I am no stranger to diets—I’ve tried them all, from Weight Watchers and Ideal Protein to Medi-Weightloss. Weight Watchers was my go-to program following each one of my pregnancies, and it worked effectively. However, during my perimenopausal days leading into menopause, I struggled with my weight alongside knee issues that prevented me from running. I turned to Ideal Protein and Medi-Weightloss, both similar programs featuring processed, packaged foods. Although I experienced some success, I eventually fell off the wagon. 

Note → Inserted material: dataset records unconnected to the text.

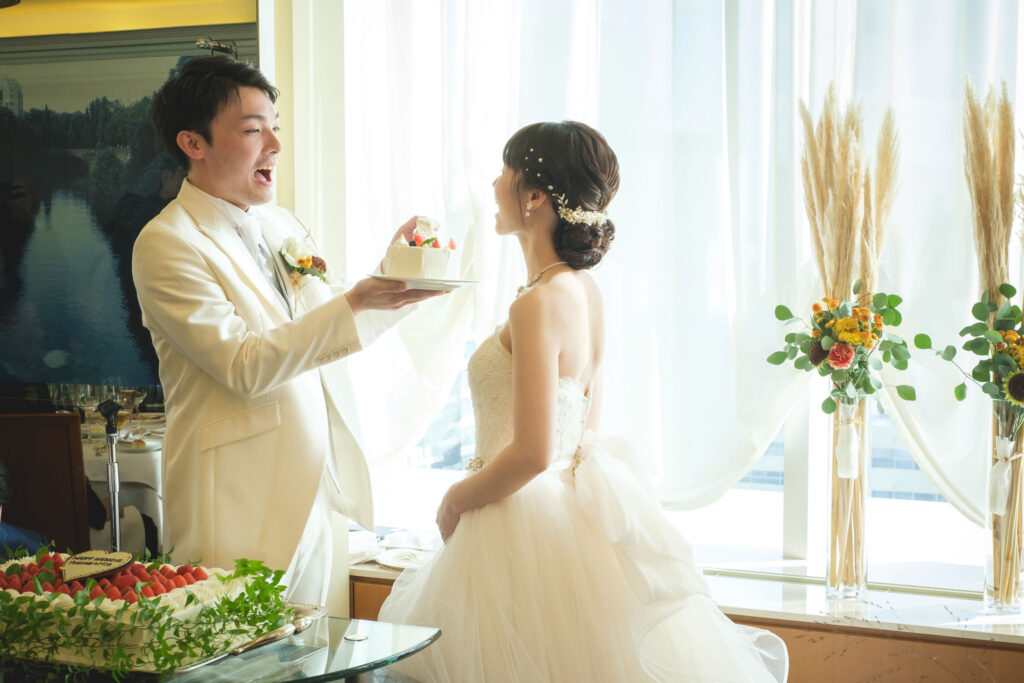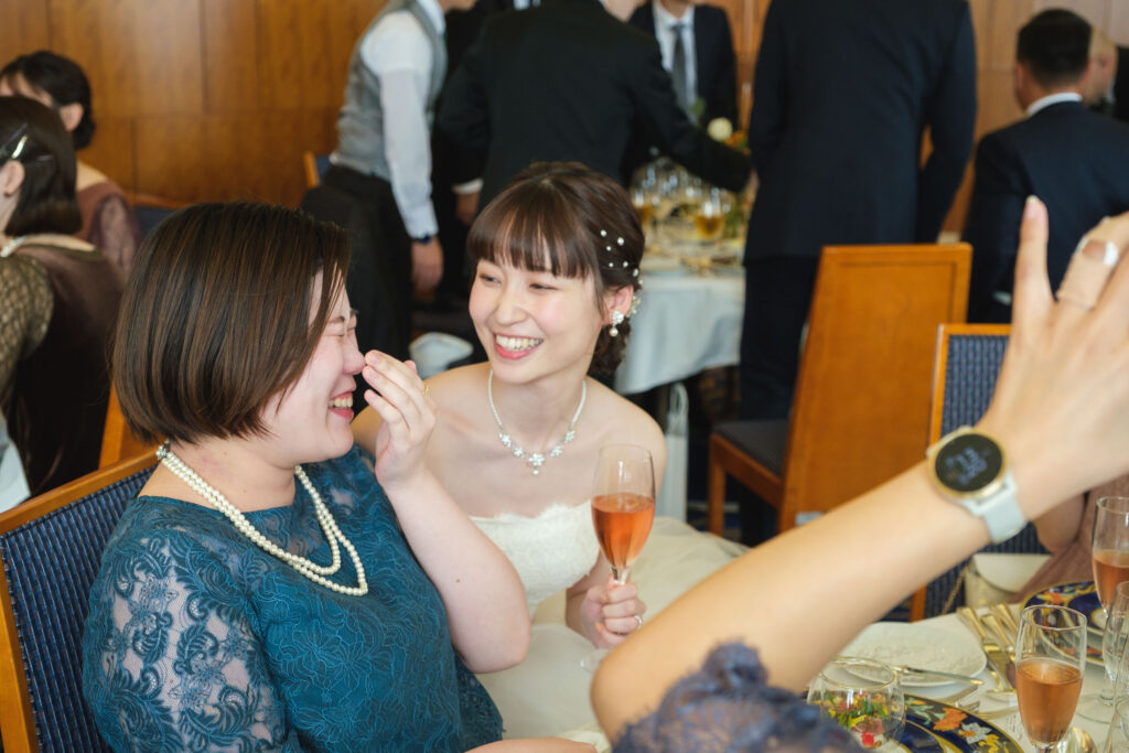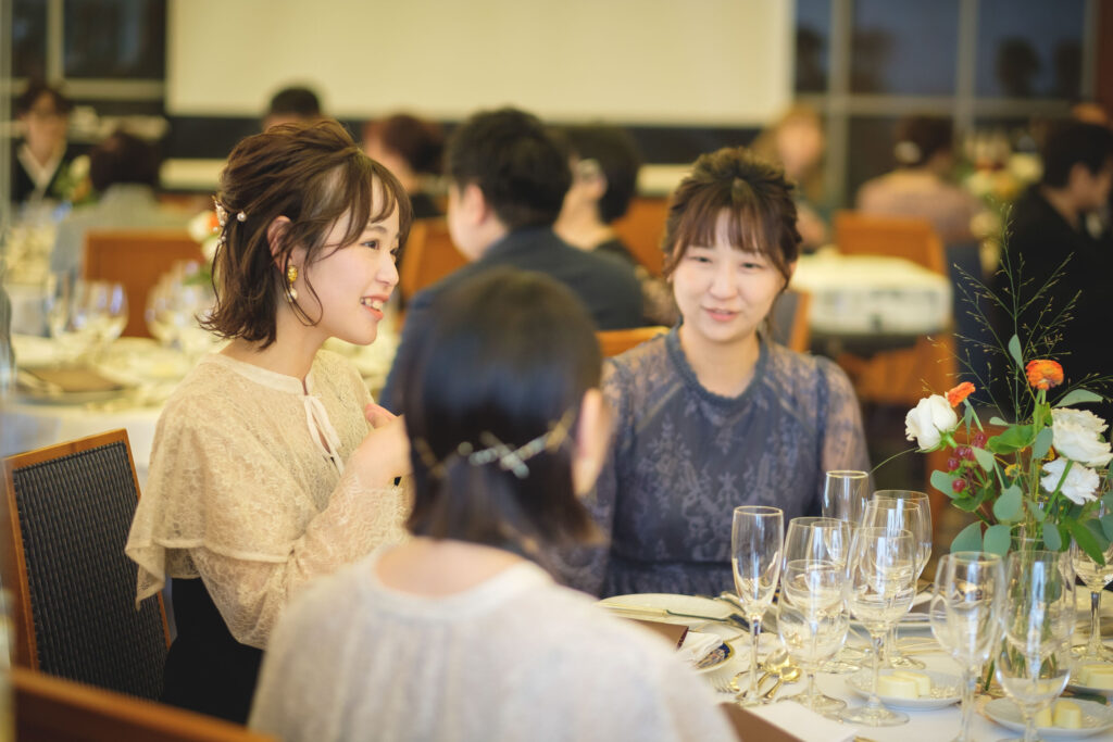 お料理が美味しいことを第一に考えたお二人が選んだ舞台 フレンチレストラン「ミクニサッポロ」。 パーティーでは、ご新婦様は自ら友人席へ挨拶に回るなど 形式にとらわれないアットホームな時間が流れていました。抽選で選ばれたご友人への「サプライズバイト」や「色々思いつくタイプ」のご新郎様と「笑顔にそれに応える」ご新婦様らしい、サービス精神旺盛な演出がゲストを飽きさせませんでした。
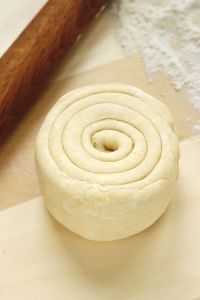 Stendi il panetto in un rettangolo lungo. Piega a portafoglio ovvero piega il lato inferiore verso il centro, poi quello superiore sopra il primo.
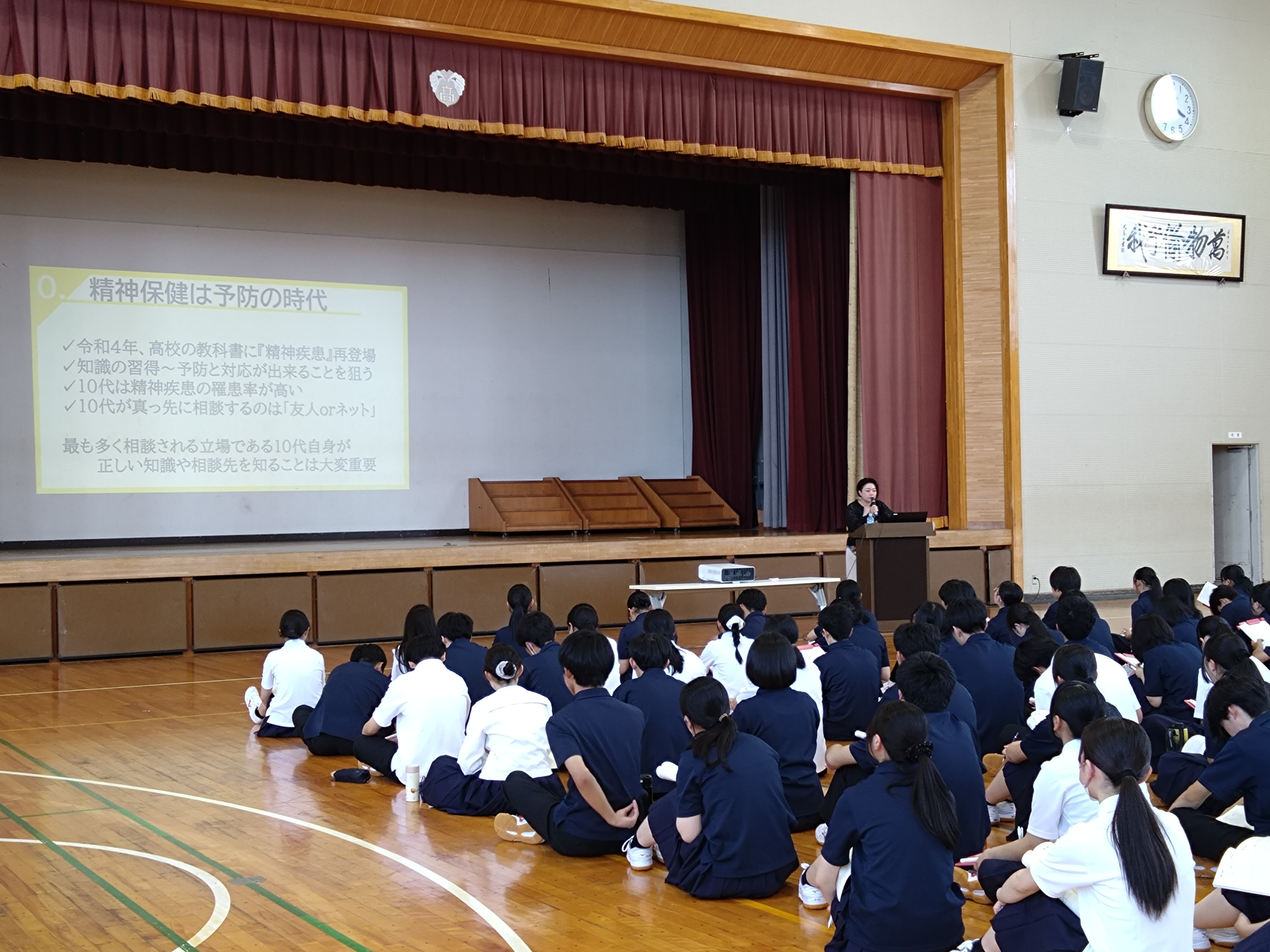 6月17日(火)に本校スクールカウンセラーの寒河江亜衣子先生を講師にお迎えし、1年次の精神保健講話を行いました。現在、保健の授業で「精神疾患の予防と回復」について学んでいることもあり、生徒はメモを取りながらお話をお聞きしました。高校生の年代はまだ脳の整備が出来上がっていないこと、だからちょっとの刺激で理性を吹き飛ばしてしまうことがあること、10代は高依存リスク群であること、自分のセーフティーネットを多種多様にしておくこと、自己制御できないことは他を頼ることなどを学びました。また、記憶の定着には興奮と反復が重要とのこと。これからの勉強のやり方や、自分を保つための自己メンテナンスに取り入れられそうなヒントがたくさんありました。
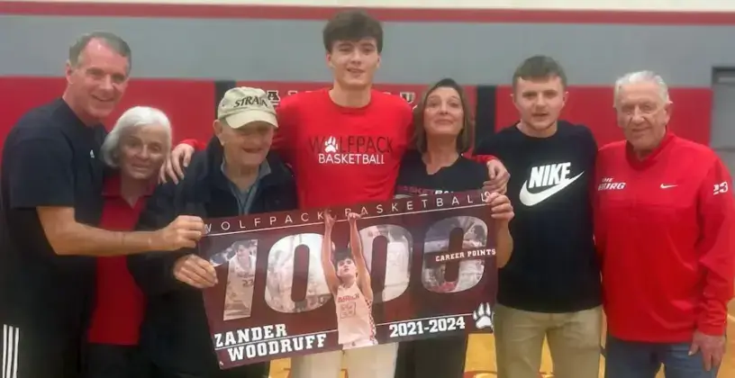 On Wednesday, December 6th at Pewamo-Westphalia, Zander Woodruff scored a career high 39 points and exceeded the 1000 point total. He was honored on his home floor in Laingbsurg on Friday, December 8th. Zander is pictured here with his parents and grandparents. See pages 8-13 and 16 for Winter sports team photos, previews and game and match results.
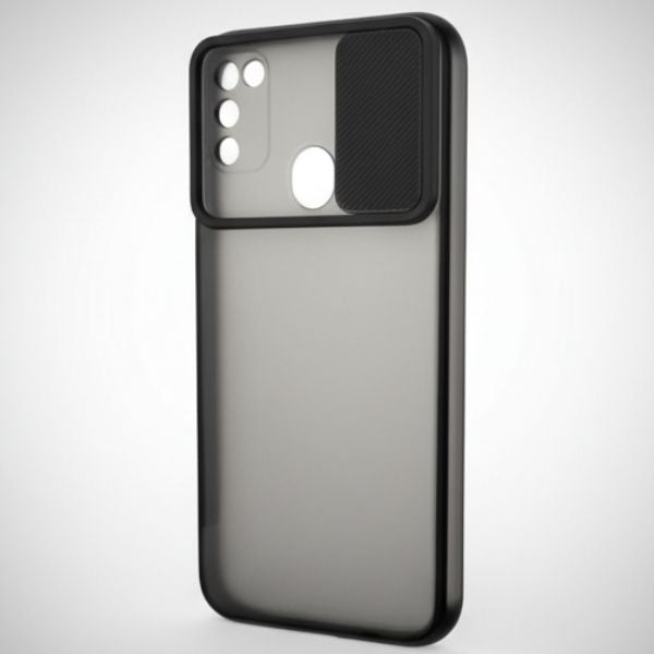 Give your Samsung M21 the perfect balance of style, protection, and practicality with this Transparent Matte Back Cover featuring a sleek black border and a sliding camera protector. Designed to safeguard your phone while maintaining its modern look, this case offers a premium matte finish, anti-fingerprint coating, and robust camera slider that keeps your lens scratch-free and private.
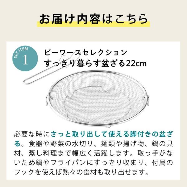 1)ビーワーススタイル すっきり暮らす盆ざる22cm 持ち上げフック付き
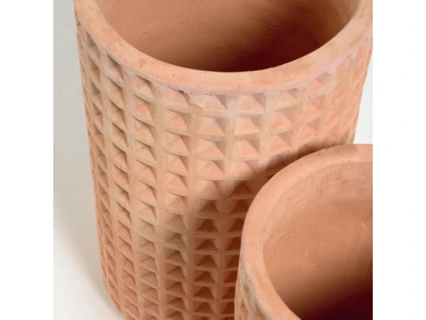 De Celi set bloempotten is wat je planten nodig hebben om buiten goed beschermd te zijn. Deze keramische bloempotten zijn gemaakt van terracotta, het materiaal van het moment. Het overtollige water wordt geabsorbeerd, waardoor het water dat de plant nodig heeft behouden blijft. Naast de unieke tinten en texturen van het materiaal, is terracotta een trendzettende kleur die de ruimte een natuurlijke uitstraling geeft.
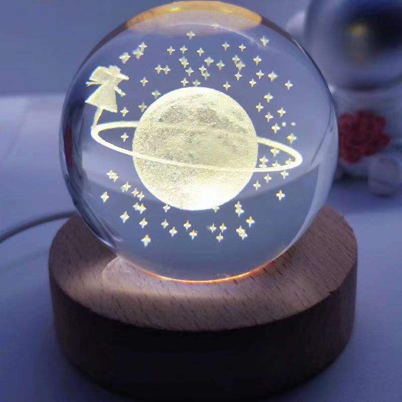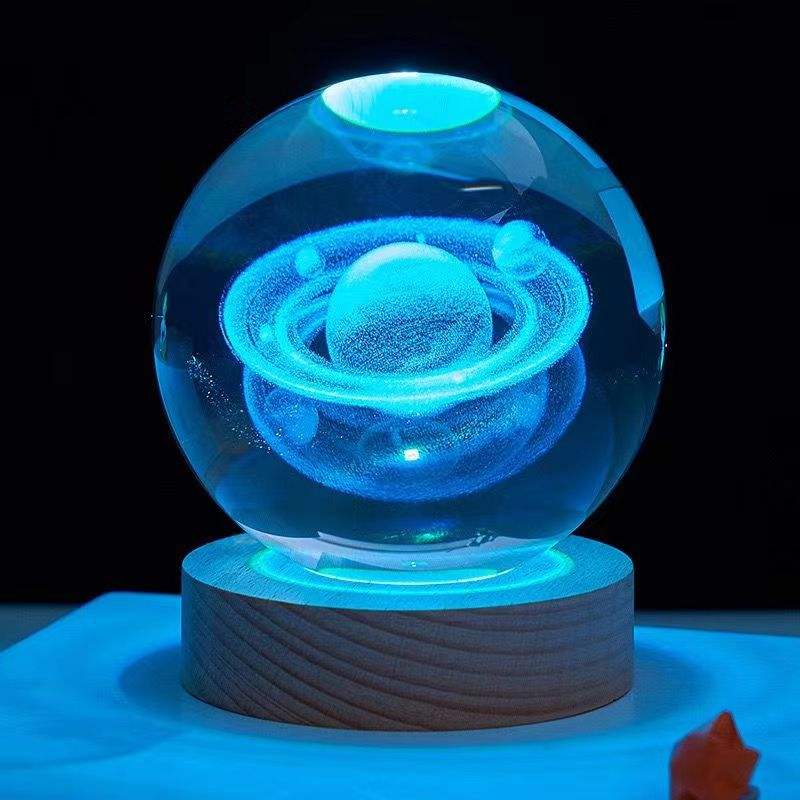 Láser grabado universo bola de cristal:3D Sistema Solar bola de cristal luz para casa esfera bola de cristal
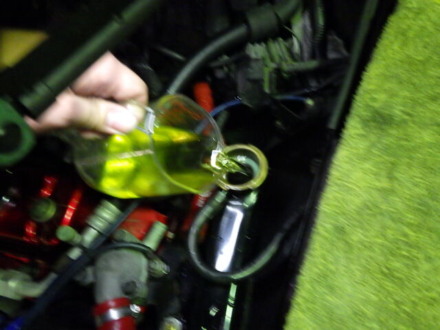 ラジエーターにLLCと水路保護のためのクーラントブースターを投入。
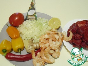 Креветки очистить от панциря и голов, лук репчатый очистить и нарезать мелким кубиком. Болгарский перец очистить от семян, нарезать аналогично луку.
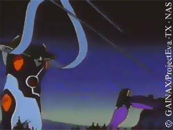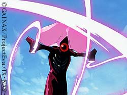 Arael the fifteenth angel, also lurks in space, much like Sahaqiel. When EVA Unit 02, attacks it, it attacks Asuka's mind directly, causing her to go "crazy." This angel was winning, so NERV was forced to use the Lance of Longinus. EVA Unit 00 hurls it deep into space. The lance zips right through Arael's AT Field, and destroys it immeidiatly, but NERV has now lost their strongest weapon in space. |
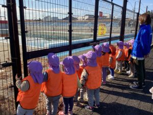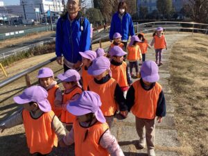 28日は暖かくて気持ちのいいお天気だったので、みんなで大好きなお散歩へ出かけました。公園を探検していると、「かけっこしたい!」「よーいどんしよう!」という元気な声が聞こえてきたので、広場に寄り道♪ 給食の時間までたっぷり走って遊びました。
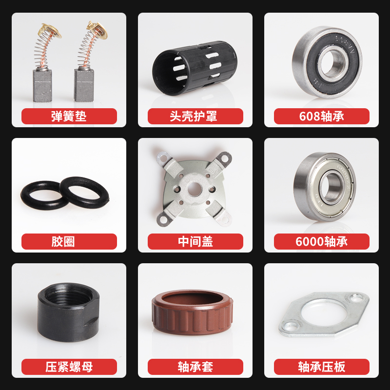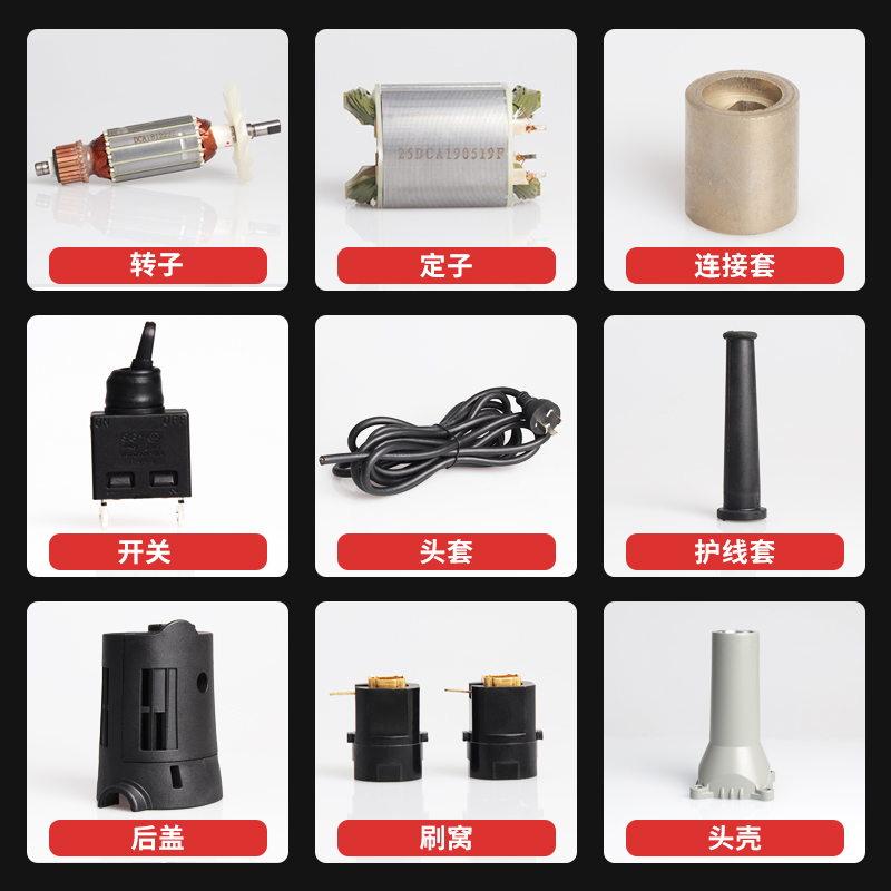 Purple white cyan yellow red blue color clamp three-piece spring hairpin head (inner hole 6) spring hairpin head (inner hole 3) compression nut switch carbon brush rotor stator power cord guard sleeve connection sleeve
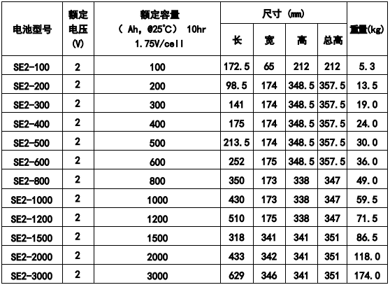 ??????SE2V系列電池設計壽命為15年,正常浮充使用壽命10年以上。
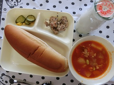 ケチャップ煮は、豚肉、ジャガイモ、にんじん、玉ねぎ、枝豆が入っていました。チキンスープをベースにケチャップとトマトピューレを加えて煮込まれていました。ケチャップ大好きな子どもが多いので、すぐに食缶も空っぽです。
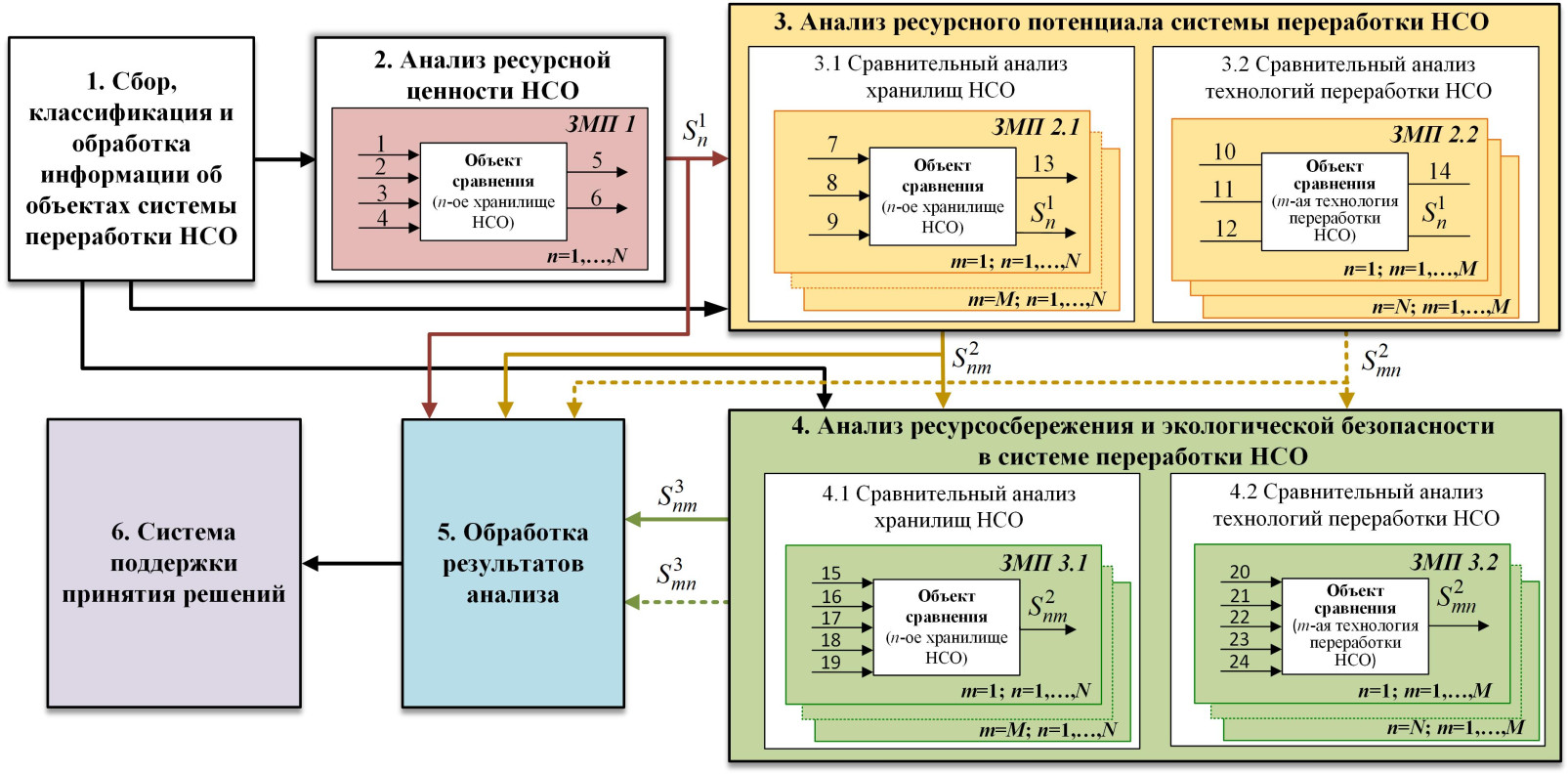 Основой рассматриваемого в статье алгоритма анализа объектов системы переработки НСО (рис. 1), включающего 6 последовательных этапов, является разработанная авторами методика последовательного решения взаимосвязанных задач многофакторного сравнения объектов по разнородным критериям качества, отличающихся новыми формулировками сопутствующих ЗМП. В качестве объектов сравнения рассматриваются хранилища НСО и технологии их переработки.

Next, I explored intermittent fasting and Whole30, both of which I still incorporate into my routine today. I fast for 12 to 13 hours after my last meal of the day and avoid added sugar. Each program taught me something new, helping me develop healthy habits like reading and comparing food labels, taking my last bite of food at least 2 hours before bedtime, avoiding caffeine in the afternoon, going for daily walks to improve digestion among a myriad of other health benefits, and prioritizing sleep.

 

So, on to the topic in the title, my favorite macronutrient. Over a year ago and following numerous nudges from a trainer I worked with, I started exploring macronutrients. I embarked on a journey of reading, researching, listening to podcasts, and scrolling through social media, which led me to buy Lumen and downloading MyFitnessPal. Fast forward 15 months, I'm still using both to track and measure my progress, and I heeded my trainer's advice—I increased my protein intake!

 

The Big Deal about Macronutrients

Macronutrients—proteins, fats, and carbohydrates—are the building blocks of our diet. Each plays a vital role in our overall health. While everyone has their preferences, identifying your favorite macronutrient can help tailor your diet to meet your specific needs and goals.

 

Why Protein Stands Out

For me, protein is my go-to macronutrient. It supports muscle growth, repairs tissues, and keeps me feeling full longer. Incorporating protein-rich foods into my meals has significantly improved my energy and overall well-being. From lean meats and fish to plant-based options, there are numerous ways to enjoy this essential nutrient.

 

How to Incorporate It

Incorporating your favorite macronutrient into your diet can be simple and delicious. Try experimenting with various recipes to discover the ones you enjoy the most. Whether it's a protein-packed smoothie for breakfast or a hearty dinner with lean chicken, making protein a staple in my diet has led to positive changes in my health.

 

Remember Balance

While it's essential to prioritize your favorite macronutrient, balance is very important when it comes to overall nutrition. It’s important to include a variety of foods into your diet to avoid boredom and to ensure adequate nutrient in-take. I love having fish twice a week and typically have the leftovers for lunch. Experiment with different protein sources, such as grains, and vegetables to keep your meals exciting and nourishing. Focus on selecting whole, unprocessed foods to maximize your nutrient intake and get the best value for your money. Always be attentive to your body's signals and make adjustments as needed, to ensure your dietary choices align with your personal health goals and remember to check with your doctor.

 

In Conclusion

Understanding and prioritizing macronutrients has been a game-changer for me. It has helped me not only reach my weight loss goals while gaining strength and lean muscle, it has enhanced my overall health, well-being and boosted my waning confidence.

 

Don't be afraid to experiment with different macros and find what combination works best for you. Remember, balance is crucial for creating a sustainable and healthy lifestyle. Cheers to finding your favorite macronutrient combo!